Distributed, time-sensitive applications are notoriously difficult to develop due to challenges with clock synchronization, inter-device coordination and communication, debugging, and more. Edward Andert, our smart-intersection expert at ASU, helped us understand these pain points and how they impact his ability to reason about the application. Ian McCormack (a then UG student at Wisconsin Eu Claire) and I developed networking and timing abstractions to alleviate issues with periodic sampling, network management, and sensor stream fusion. Our process and programming environment relies on a dataflow graph and message-passing architecture to improve composability and avoid side-effects due to memory sharing. These abstractions are written in Python 3 as well, such that they mesh well with existing application code.
These abstractions helped Edward find subtle issues within his implementation and reduce the end-to-end latency of his system by around 33% (125ms down to 88ms). The abstractions, particularly for sensor fusion, do come with an overhead, which our runtime instrumentation clocked at 5ms additional processing time along the critical path.
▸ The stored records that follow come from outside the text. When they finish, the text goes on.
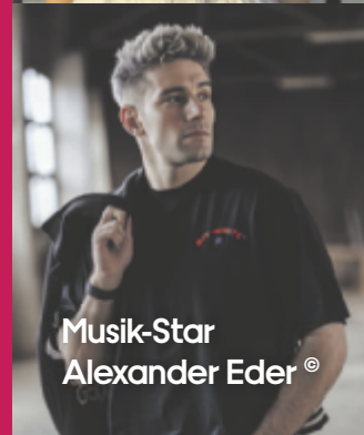
Musik-Star Alexander Eder
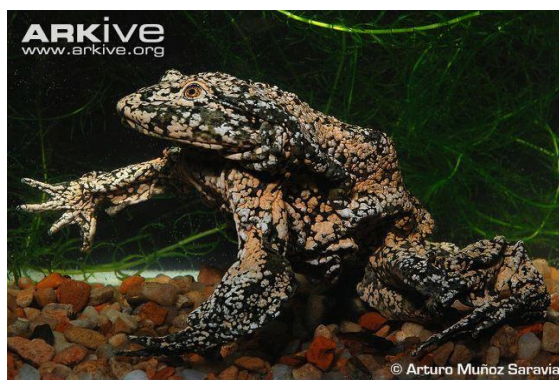
Figure 1. Telmatobius culeus , vue latérale
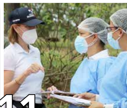
11 JORNADA EXITOSA
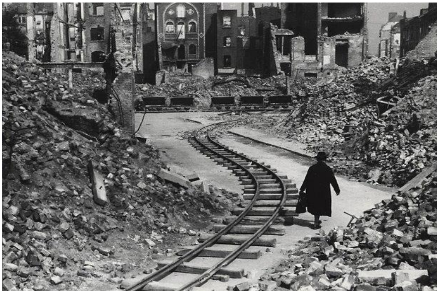
„Die Stunde Null“, Ritterstraße in Köln um 1947

Erklären Sie, warum es wichtig ist, dass wir uns heute noch an die Vergangenheit erinnern. Sie können sich dabei auf das Foto stützen.

We can safely ignore this effect for this application, but it does suggest a limit on how effective this strategy would be for applications whose timing requirements enter the low millisecond to microsecond regime.
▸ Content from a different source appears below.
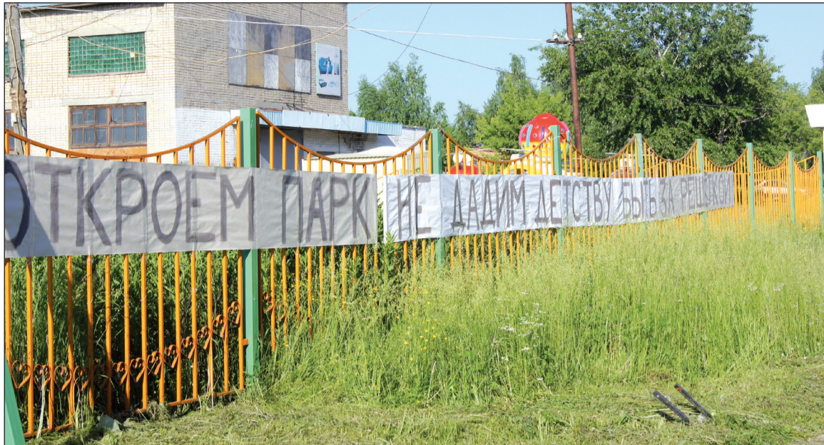
Уже давно не поскрипывают старые качели. В зарослях травы утопают улицы

As lead on this competition submission, I was responsible for setting the goals of our submission (and retuning them as we progressed), designing the architecture of our abstractions and their interaction with the existing smart-intersection application, facilitating integration of individuals' contributions, and designing the poster and presentation, which we gave as a team.
Please see our presentation slides, video, and poster!
Wait, But What is TickTalk?
No, it's not related to the now-mainstream video-sharing platform! The grant was written before ByteDance rebranded the platform...
TickTalk is all about simplifying development of time-sensitive applications for cyber-physical systems. As the IoT burgeons, more distributed, heterogeneous applications become feasible. However, the tools to handle the distributed parts of these applications are largely unchanged or nonexistent. Each device (or device type) has custom code to control its node-local behavior, and each interface (both in the application and network) is uniquely designed and tested. Protocols like COAP help standardize the format, but say nothing about behavior at the application level. Any system containing more than a few device types requires a team of experts to manage the interfaces (which scale with N2 for N devices).
TickTalk's long-sighted vision is to enable a more holistic programming interface, where the user declares what they want to happen, but relieve the user of dictating how that must happen. A fundamental component is simplifying the user's interaction with timing, which includes both data and control aspects for time-series, sampled data and coordinated action with the physical environment, respectively. Managing these timing requirements in the distributed context is challenging to reason about and debug, largely due to clock synchronization errors, reproducibility (related in part to best-efforts networking), and observability.
TickTalk Python is our attempt to see this vision through, by presenting a Python-based coordination language that includes meta-syntax to help describe where code runs in a system and what types of time-based control (such as periodic sampling or deadlines on actuation). This glue language compiles into a dataflow graph that can be mapped onto the system per user requirements and objective functions like end-to-end latency. The nodes in the graph contain abstractions for synchronizing inputs (cognizant of synchronized clocks), executing user code, and forwarding output data to whichever device contains the next node in the graph.
My contributions have centered largely on the model of computing, i.e., dataflow, and timing abstractions that account for clock synchronization error and data validity. This has served as a fantastic learning experience in the field of distributed, real-time systems, as I delved into message-passing architectures (like dataflow process networks and petri nets) and real-time systems architectures (like the Time-Trigged Architecture and PTIDES/PTOLEMY). I have a great deal of respect for Dr. Edward Lee's work in Cyber Physical Systems.